Heloisa Junqueira Fleury e Carmita Helena Najjar Abdo
Texto baseado no artigo “Estressores financeiros e o comprometimento da saúde mental e sexual” de Heloisa Junqueira Fleury e Carmita Helena Najjar Abdo (2022)
Por Vanessa Pereira de Lima
O artigo “Estressores financeiros e o comprometimento da saúde mental e sexual”, de Heloisa Junqueira Fleury e Carmita Helena Najjar Abdo, publicado em 2022 na Revista Diagnóstico e Tratamento, faz uma breve discussão a respeito do agravo na saúde mental e sexual durante a pandemia. O texto apresenta a questão financeira como um dos estressores na relação conjugal. Também faz uma correlação com as expectativas de uma renda que seja satisfatória para a manutenção da relação, que, quanto maior for a diferença da condição econômica do casal ou de um dos membros, maiores são os estresses gerados, alterando na qualidade de vida deles.
Assim, o texto discorre sobre a influência dos estressores financeiros como um possível causador de questões como depressão, diminuição da satisfação conjugal, aumento de conflitos que podem levar ao divórcio. Por mais que o texto foque a lente de análise na questão financeira, muitos outros fatores são partes dessa trama, como a influência da religião, posicionamentos políticos, assimetrias de gênero, a sobrecarga que recai sobre a mulher, enfim, são muitos os motivos de conflitos, sendo um deles, a questão financeira. Apesar do formato do texto, ele pode ser considerado um convite a uma maior profundidade do tema.
O artigo foi escrito no contexto da pandemia, então apresenta como as condições sanitárias instauradas agravou ou potencializou o aumento de estresse e outros agravos na saúde mental e sexual dos casais. Segundo o texto, fatores psicológicos podem interferir nas questões sexuais e uma das causas desses fatores inclui a forma com que os cassais gerenciam suas finanças. Quando conseguem estabelecer um diálogo construtivo que leva os casais a gerenciarem de forma compartilhada, há uma melhor qualidade na relação. Isso nos leva a pensar em como a relação dialógica é importante para o bem-estar das relações. Neste caso, o diálogo que o casal consegue estabelecer é o que os levará a encontrar um ponto comum.

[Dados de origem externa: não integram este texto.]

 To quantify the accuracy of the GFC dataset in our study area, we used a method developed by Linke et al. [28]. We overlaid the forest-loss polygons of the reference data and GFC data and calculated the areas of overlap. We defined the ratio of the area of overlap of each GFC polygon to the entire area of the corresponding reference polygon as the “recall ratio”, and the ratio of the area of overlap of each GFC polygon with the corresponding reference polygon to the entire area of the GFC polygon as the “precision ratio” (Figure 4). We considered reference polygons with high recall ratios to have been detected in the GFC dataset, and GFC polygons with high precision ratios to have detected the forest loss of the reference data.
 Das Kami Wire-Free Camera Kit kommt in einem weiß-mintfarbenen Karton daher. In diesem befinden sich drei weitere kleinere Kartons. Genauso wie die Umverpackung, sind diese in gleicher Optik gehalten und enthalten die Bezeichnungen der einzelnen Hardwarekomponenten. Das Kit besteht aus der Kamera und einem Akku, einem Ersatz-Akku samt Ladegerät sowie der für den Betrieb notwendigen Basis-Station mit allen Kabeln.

O bem-estar financeiro não está só relacionado a uma renda satisfatória, mas também com a dimensão subjetiva que é a satisfação com a condição da renda. Embora o artigo faça uma correlação, da depressão como uma incidência nas relações conjugais, a partir de um estudo feito com diversos países, deixa o questionamento sobre o contexto desses países, as condições da pesquisa, dos métodos, limitações ou particularidades de cada estudo, questões raciais, de classe e de gênero. Enfim, questões que poderiam ampliar o campo de análise entre estressores financeiros e satisfação conjugal, atravessamentos os quais são a base do construcionismo social.
Outra questão que o texto levanta sem maior aprofundamento, chegando próximo de generalizações, encontra-se na parte em que aborda a influência de contas individuais na satisfação feminina. Esse trecho é apresentado sem explorar as múltiplas dinâmicas, configurações e expectativas entre os casais, incluindo as expectativas socioculturais que podem modelar essas percepções.

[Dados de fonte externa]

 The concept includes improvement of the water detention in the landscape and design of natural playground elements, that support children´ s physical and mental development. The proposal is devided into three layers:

Para concluir, o texto oferece uma pista valiosa sobre o impacto dos estressores financeiros na saúde mental e sexual e no relacionamento conjugal, especialmente no contexto da pandemia, onde tivemos que lidar com tantos inesperados. O texto identifica alguns problemas que podem estar associados com a (in)satisfação na relação conjugal, levando ao agravo da saúde mental e sexual dos parceiros, sendo uma pista para quem gostaria de se aprofundar no tema.
Referência
FLEURY, H. J.; ABDO, C. H. N. Estressores financeiros e o comprometimento da saúde mental e sexual. Diagnóstico e Tratamento, [S. l.], v. 27, n. 2, p. 44–47, 2022. Disponível em: https://periodicosapm.emnuvens.com.br/rdt/article/view/313. Acesso em: 29 maio. 2025.
Vanessa Pereira de Lima
Aluna colaboradora da 4ª turma do Curso de Formação em Terapia Familiar Sistêmica Contemporânea
Psicóloga Social
Doutora em Psicologia Social pela Universidade do Estado do Rio de Janeiro (UERJ)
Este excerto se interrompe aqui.